Applying highly expressive formalisms (e.g. Petri nets) presents at least two problems: a) exploratory techniques can be overly complex (e.g. NP-hard algorithms, state-space explosion) and b) models are difficult to use and understand since they require skilled users to design and maintain. These are general issues that apply to an entire class of graph-based formalisms used to model large-scale networks. As a result, no technique appears to be suitable for representing an entire system from both the structural and functional points of view. One way to approach these problems is by using multiple formalisms, i.e. applying different modelling techniques to different parts of the system in order to exploit the strengths of one notation where others are less suitable.
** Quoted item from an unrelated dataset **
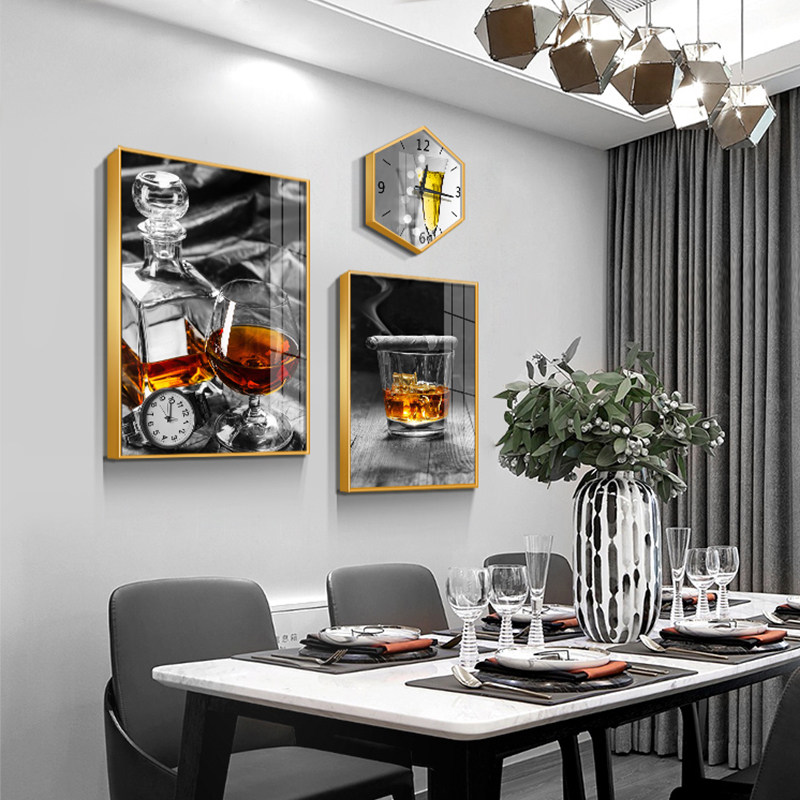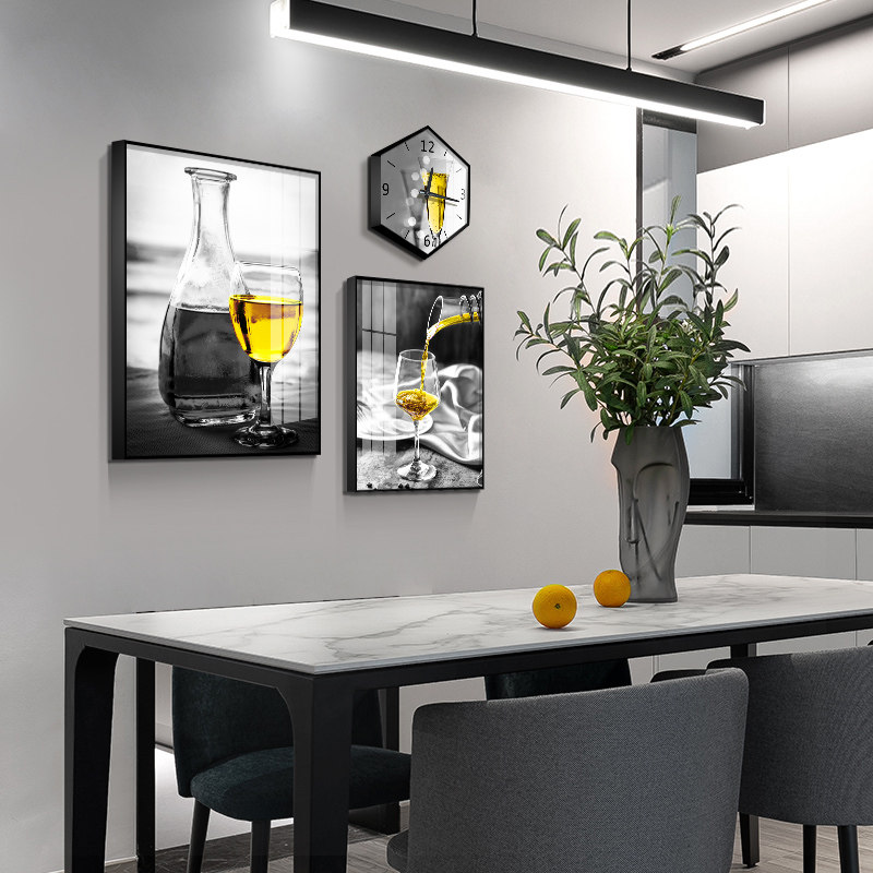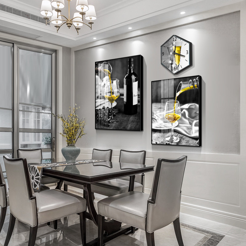 Dining room hanging painting three-piece clock painting triptych wall clock Living room decorative painting Modern simple dining room fresco light luxury

However, we stress that the major concerns in this area are due to the absence of a widely accepted standard notation for the representation of biological interaction networks and the availability of quantitative models that are able to explain both their structural features and system dynamics.

## Notes

- The nomenclatures BSG, BPG used in this article simply denote that the network is represented respectively by an undirected or directed graph. The BSG formalism is often used to represent protein-protein and protein-DNA interaction networks whilst the BPG is employed to study metabolic networks.